In creating marketing material specific to a desired candidate market, the core messages that must be contained in your content are:

#1 Advancement: quality people want a career not just a job
#2 Money: quality people expect to earn more
#3 People: quality people want to work with people like them
#4 Technology: quality people want to work with cool stuff
(Matt Charney)

4. Define a niche. Create engaging experiences for that niche
The future in social networks is specific or niche networks catering for very defined markets. This will lead to the decline of general networks. (Fiona Anson)
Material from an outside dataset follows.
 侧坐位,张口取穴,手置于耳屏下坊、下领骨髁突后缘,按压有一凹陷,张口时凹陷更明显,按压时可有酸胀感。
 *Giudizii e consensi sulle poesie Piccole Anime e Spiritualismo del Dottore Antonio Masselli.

The purpose of building a social network (to accomplish a recruitment goal) is to build brand desire. Focus on the candidate experience and that mostly means, feedback! If candidates don't want to be associated with your brand then even if they are in your network, they won't engage with you and won't become a candidate for a vacancy. (Fiona Anson)
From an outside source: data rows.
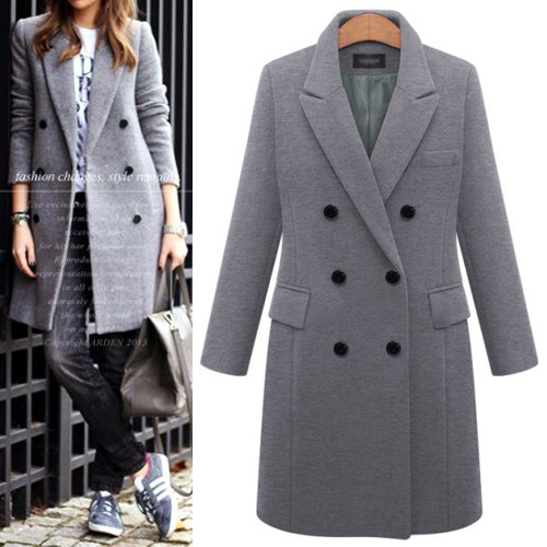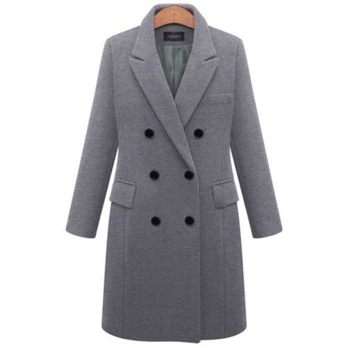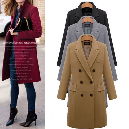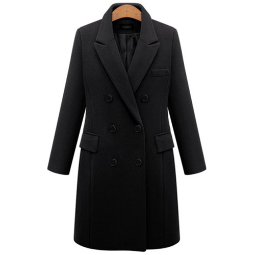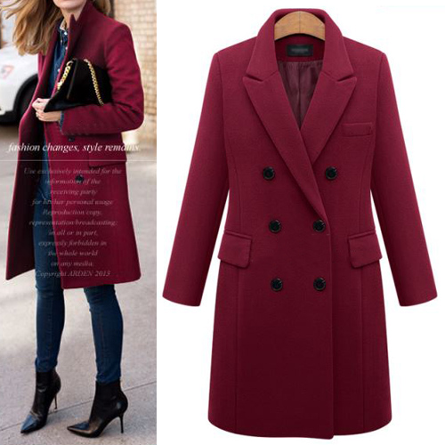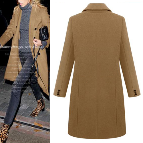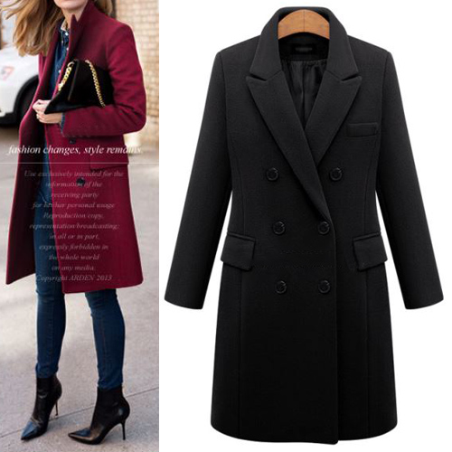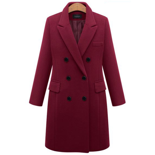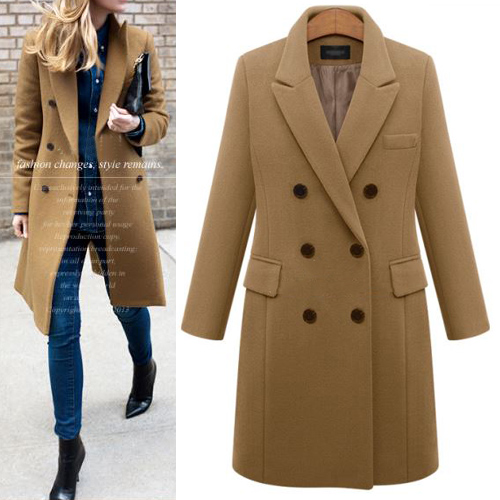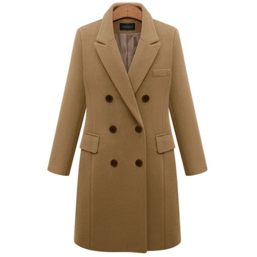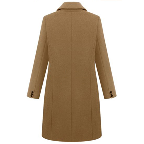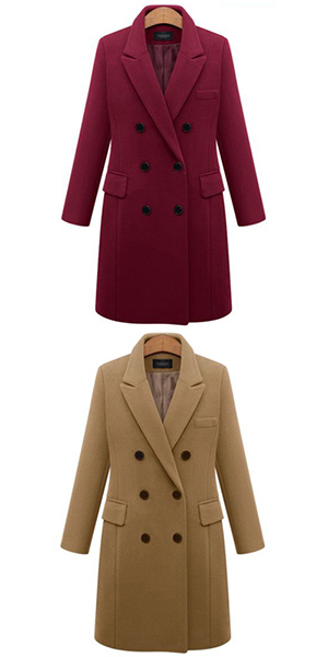 Lapel construction, accompanied with long sleeve, solid color and double-breasted design, this woolen coat
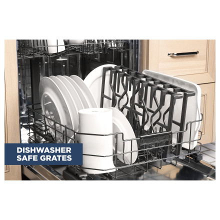 These cooktop grates can be cleaned one of two ways – either in the dishwasher, or on the bottom of a self-clean oven
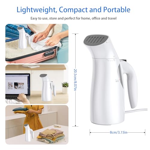 - [Ultimate Portability] The Travel Steamer for Clothes Weighs only 0.55 kg with an Ergonomic Handheld Design, This Mini Compact Hand Held Steamer Effortlessly Slips Into Handbags or Suitcases(Make Sure There is no Water in the Tank Before Loading). The included Travel Pouch Ensures Space-efficient Packing, while the 1.9-meter Power Cord Enables Flexible Positioning, Perfect for Last-times Touch-ups in Hotel Rooms or Conference Venues
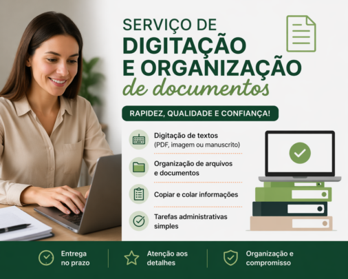 Ofereço serviços de digitação e organização de documentos com qualidade, responsabilidade e atenção aos detalhes.
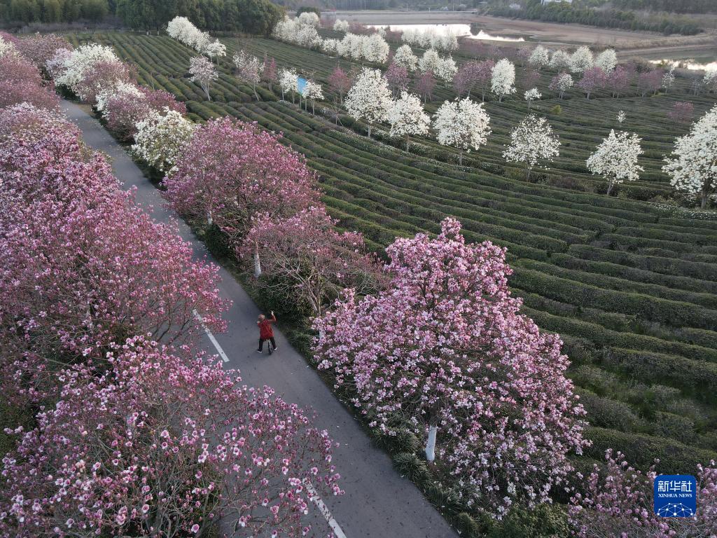 近日,隨著(zhù)氣溫回升,位于江西省南昌市南昌縣鳳凰溝景區的大片玉蘭花、郁金香、櫻花競相綻放,吸引了眾多游客前往踏春游玩。
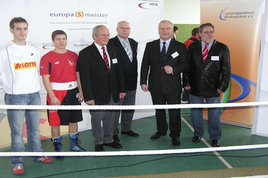 Auf der zweiten von 16 Stationen machte die DOSB-Kampagne zur deutschen EU-Ratspräsidentschaft, die europäische Themen und Ziele anhand von konkreten Projekten aus den Landessportbünden veranschaulicht, in der Halle des DJK Raspo Osnabrück Halt. Die EU stellt Maßnahmen zur Integration als Voraussetzung für eine funktionierende Gemeinschaft als Kernthema heraus. „Boxsport in der Schule“ steht für die beispielhafte Umsetzung diese Ziels: Insgesamt haben mittlerweile rund 200 Schüler aus Niedersachsen die Chance, im Rahmen von „Boxsport in der Schule“, neben körperlicher Fitneß auch Sozialkompetenz zu erwerben. Zehn Schulen im Umkreis der Box-Landesstützpunkte nehmen mit jeweils 20 Schülerinnen und Schülern am Boxprojekt teil. Es finden keine Kämpfe gegeneinander statt, trainiert wird unter fachkundiger Leitung qualifizierter Stützpunkttrainer. Die Sozialarbeiter der Schulen sind eingebunden.
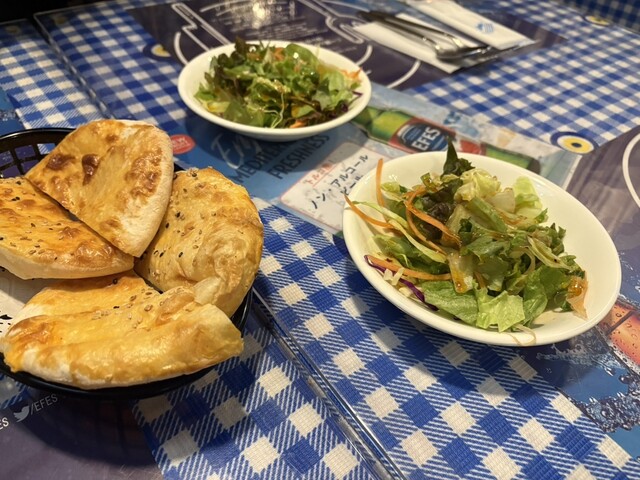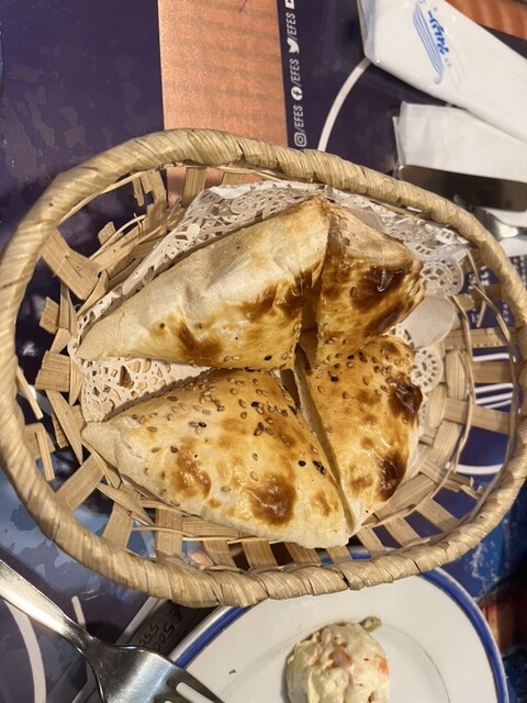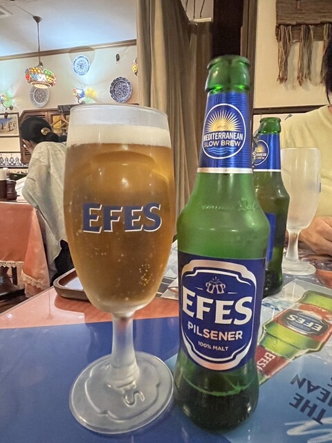 トルコビールは初めて、エフェスはフルーティな残り香がありつつもしっかり苦味があり味わいが深く美味い。ビールは一杯主義の尿酸値高めの私が2杯おかわりをするほどのモノ。

Personalised marketing content resonates when it:

·   surprises me
·   knows my struggles
·   knows my preferences
·   generates emotion

Far too much of what goes on within companies in recruitment marketing is better described as 'employment blanding'; it's all far too generic and distinctly unmemorable. (Matt Charney)

5. Your own database is almost always the best and most under-utilised resource for candidates:
Setting up a 'next action' flag or task in your database (and then acting on it) is the single most important thing you can do to ensure that you maximise the value from an asset (ie candidate) you have already invested time and money to capture and assess. (Derek Zeller)

6. If you are in any sort of third party or intermediary business (eg recruitment agency, travel agency, stockbroker etc) collaboration with customers is critical to avoid your business becoming irrelevant:
Companies have to evolve their business model to avoid disintegration by customers who connect with each other. (Karen Lawson)

I leave you with some questions you might do well to ask yourself as a recruiter:

How much is my future linked to my capability to source high calibre talent?

Do I know where to reliably find high calibre talent?

Am I a better sourcer of high calibre talent than 12 months ago? Two years ago?

What am I doing to ensure my sourcing skills are better than my competitors and my clients?

Your career as a recruiter almost certainly depends upon your answers to these questions.